梶谷隆幸、桑原将志、宮崎敏郎といった現在の中心選手は、数年前までは「我慢して」起用していた時期があった。
特に梶谷、宮崎はコアなDeNAファンの間では伝説となっている守備での凡ミスを犯し、桑原も内野から外野へのコンバート案が浮かんでいた。ただ、少々のことがあっても中畑前監督が目をつぶって起用してきた。
ひるがえって現在のDeNAを見ると、野手のスタメンはほぼ固定され、若手が出場できる余地は少ない。強いていえば、割って入れそうなのは二塁くらいだろうか。あとは代打でチャンスをもぎ取るしかない。それが現在のDeNAの若手に見えるトンネルの出口だ。

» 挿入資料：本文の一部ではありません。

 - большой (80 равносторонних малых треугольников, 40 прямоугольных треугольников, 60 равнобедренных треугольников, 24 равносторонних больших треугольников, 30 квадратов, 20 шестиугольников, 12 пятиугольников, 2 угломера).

先述した通り、若手のスタメン獲得に最も可能性を残すのが二塁。ベテラン田中浩康や石川雄洋らたくさんの選手がひしめくポジションだが、レギュラー奪取に一番近い若手といえば柴田竜拓だろう。
現在、柴田は田中浩との併用で二塁に起用されているが、すでに40試合以上に出場しており、打率は2割5分以上の結果を残している。また、チームが喉から手が出るほど欲しかった「勝率5割」に手が届く大事なゲームでサヨナラ安打を決めるなど、強運も併せ持っている。近いうちにレギュラーに定着する可能性は十分だ。
もう1人、期待の若手として白根尚貴を挙げたい。白根の名を知る人は多いだろう。開星高時代は体重が100キロを超え、“ジャイアン”のような風貌で、打ってよし、投げてよし、投打両面で活躍して甲子園を沸かせた。2011年のドラフト4位でソフトバンクに入団したものの、プロ入り後はケガが重なり、育成選手契約に。そして、2015年オフ。球団は育成選手として契約延長を望んだものの、白根は出場機会を求めて自由契約選手となり、トライアウトに参加。DeNA入団を勝ち取った。

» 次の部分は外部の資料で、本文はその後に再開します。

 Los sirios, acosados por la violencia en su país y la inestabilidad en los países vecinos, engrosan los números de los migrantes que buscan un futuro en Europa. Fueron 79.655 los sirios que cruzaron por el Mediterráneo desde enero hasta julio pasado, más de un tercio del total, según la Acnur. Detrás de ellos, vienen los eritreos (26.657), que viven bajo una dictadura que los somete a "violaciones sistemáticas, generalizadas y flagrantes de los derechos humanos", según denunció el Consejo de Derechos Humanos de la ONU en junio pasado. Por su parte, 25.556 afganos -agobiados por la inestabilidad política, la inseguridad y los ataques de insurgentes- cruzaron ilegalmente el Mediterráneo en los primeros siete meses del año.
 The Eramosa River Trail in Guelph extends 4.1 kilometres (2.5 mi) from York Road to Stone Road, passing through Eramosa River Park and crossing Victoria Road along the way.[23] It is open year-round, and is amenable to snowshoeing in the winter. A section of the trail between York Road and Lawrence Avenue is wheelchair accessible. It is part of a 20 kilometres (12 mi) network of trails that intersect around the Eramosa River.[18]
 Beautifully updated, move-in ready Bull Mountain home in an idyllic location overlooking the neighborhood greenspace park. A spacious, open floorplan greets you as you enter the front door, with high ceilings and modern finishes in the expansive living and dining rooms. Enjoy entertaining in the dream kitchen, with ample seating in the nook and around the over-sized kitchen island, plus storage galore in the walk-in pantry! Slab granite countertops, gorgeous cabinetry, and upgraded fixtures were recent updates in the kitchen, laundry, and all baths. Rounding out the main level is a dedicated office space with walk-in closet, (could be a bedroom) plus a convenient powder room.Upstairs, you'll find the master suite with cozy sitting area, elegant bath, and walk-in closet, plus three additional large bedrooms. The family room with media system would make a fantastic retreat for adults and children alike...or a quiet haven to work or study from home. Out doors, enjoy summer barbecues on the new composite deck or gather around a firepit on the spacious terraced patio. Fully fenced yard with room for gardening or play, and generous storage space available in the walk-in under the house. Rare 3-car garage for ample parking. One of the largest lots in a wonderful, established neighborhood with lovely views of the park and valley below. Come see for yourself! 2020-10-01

現在の白根は、以前の巨体とは別人のようなスリムな姿に生まれ変わった。しかし、パワフルなバッティングは健在。数少ない出場機会で本塁打を放つなど、次世代のDeNAの中心野手を狙える位置にいることは間違いない。
一方、投手陣はどうだろう。打者に比べて多くの若手がひしめいている印象はあるが、ドラ1ルーキー・濱口遥大ほどの存在感がある選手となると、ブレイクした若手投手はまだ続いていない。
果たして誰が頭角を現すのか。登板機会に恵まれている平田真吾、FAの人的補償で巨人から移籍してきた平良拳太郎、2015年のドラフト2位・熊原健人あたりがブレイク候補か。彼らの目の前には飛躍するチャンスが広がっている。この好機を生かしてほしい。